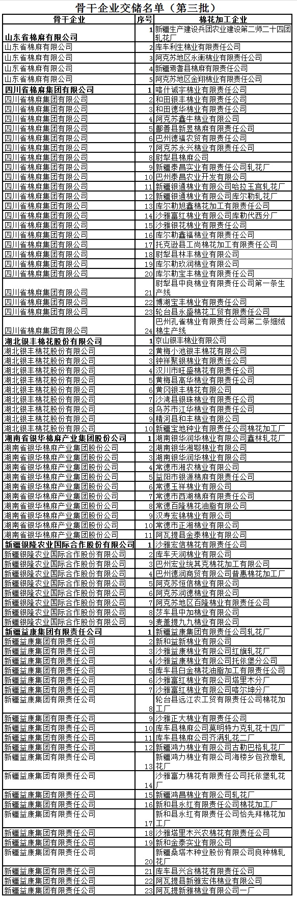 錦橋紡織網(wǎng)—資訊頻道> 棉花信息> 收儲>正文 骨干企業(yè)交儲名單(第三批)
==
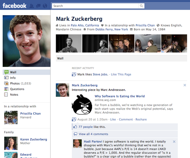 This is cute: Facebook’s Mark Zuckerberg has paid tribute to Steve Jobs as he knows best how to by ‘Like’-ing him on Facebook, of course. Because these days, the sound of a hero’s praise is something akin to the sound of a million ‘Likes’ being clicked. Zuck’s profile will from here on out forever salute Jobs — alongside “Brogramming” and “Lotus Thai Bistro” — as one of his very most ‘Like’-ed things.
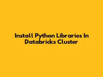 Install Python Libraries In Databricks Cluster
--
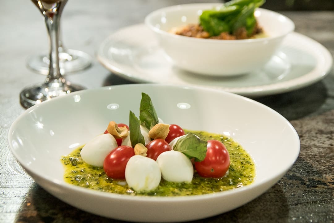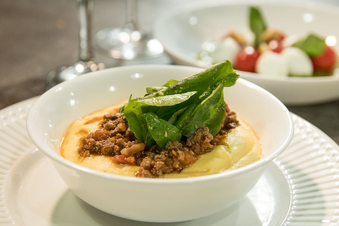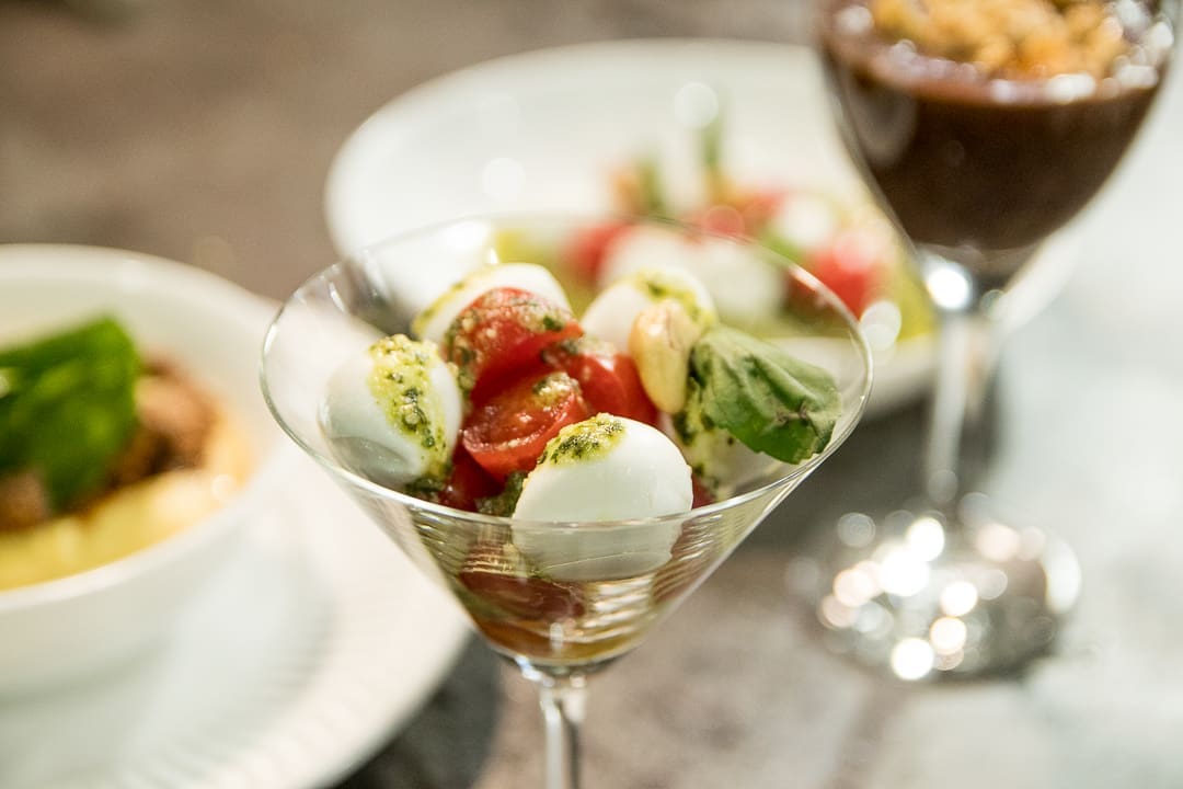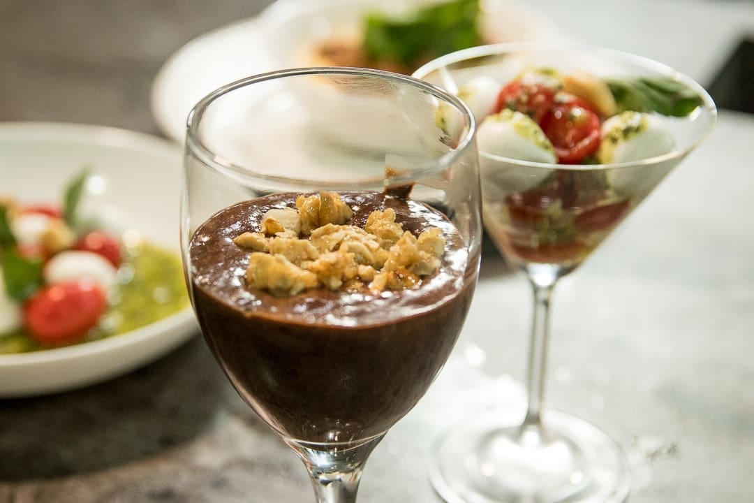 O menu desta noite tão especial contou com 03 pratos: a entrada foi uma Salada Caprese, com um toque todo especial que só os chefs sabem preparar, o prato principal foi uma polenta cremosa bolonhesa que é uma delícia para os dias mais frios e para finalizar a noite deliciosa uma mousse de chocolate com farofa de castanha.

# What the task requires:
Only one stretch of the data is wanted: write out exactly the lines from the one holding "This is cute: Facebook’s" through the one holding "Install Python Libraries", both included, without the pictures.

# Answer for this exercise:
 This is cute: Facebook’s Mark Zuckerberg has paid tribute to Steve Jobs as he knows best how to by ‘Like’-ing him on Facebook, of course. Because these days, the sound of a hero’s praise is something akin to the sound of a million ‘Likes’ being clicked. Zuck’s profile will from here on out forever salute Jobs — alongside “Brogramming” and “Lotus Thai Bistro” — as one of his very most ‘Like’-ed things.
 Install Python Libraries In Databricks Cluster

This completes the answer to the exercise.